On April 13, 1796, an elephant set foot on American soil for the first time. Although accounts vary, this elephant has been identified with Old Bet, who became a national sensation as the main attraction of Hackaliah Bailey’s circus. Outside the Elephant Hotel in Somers, N.Y., built by Bailey and named after his star performer, stands a wooden likeness of Bet, mounted atop a granite pole. But although Western countries were late to welcome elephants to their shores, the English language has a much longer relationship with these remarkable creatures. Let’s explore some of the places where elephants have left their footprints.

What’s big, grey, and doesn’t matter? An irrelephant.

While watching a history programme on TV, I noticed the presenter referring to “calvary riding on elephants”. Since cavalry (like the related chivalry and cavalier) is ultimately related to the Latin for “horseman”, I wondered if elephantry might not be an apt (not to mention novel)  way to describe those elephant riders, and settled back to hear more about the fascinating mahouts, or elephant-riders, of India.

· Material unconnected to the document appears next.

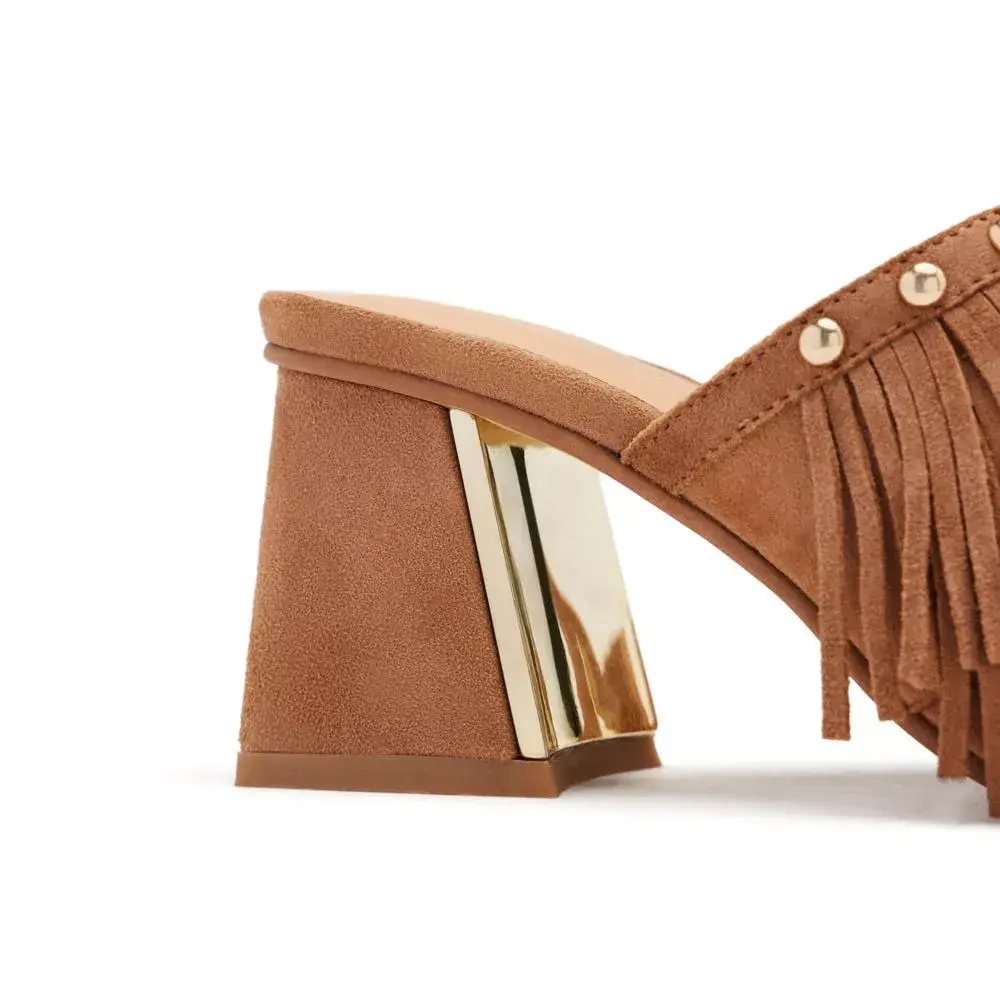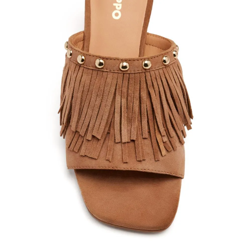 Кожаные сандалии на каблуке с бахромой и заклепками.

It turns out I wasn’t as novel as I thought. The word elephantry, describing troops mounted on elephants, is found in the Oxford English Dictionary. Evidence for it goes back at least to 1747, by which time the East India Company had been facilitating trade between Britain and the Indian subcontinent for nearly 150 years

Only ten years later, in 1757, a victory of the East India Company’s private armies over the Nawab of Bengal and his French allies at the Battle of Plassy began a period of expansion in which the Company came to govern more and more of India. After a further hundred years, the Indian Rebellion of 1857 saw the collapse of the East India Company, whose territories in India were taken over by the British government, to create the infamous British Raj.

What has big ears and two trunks? An elephant on holiday.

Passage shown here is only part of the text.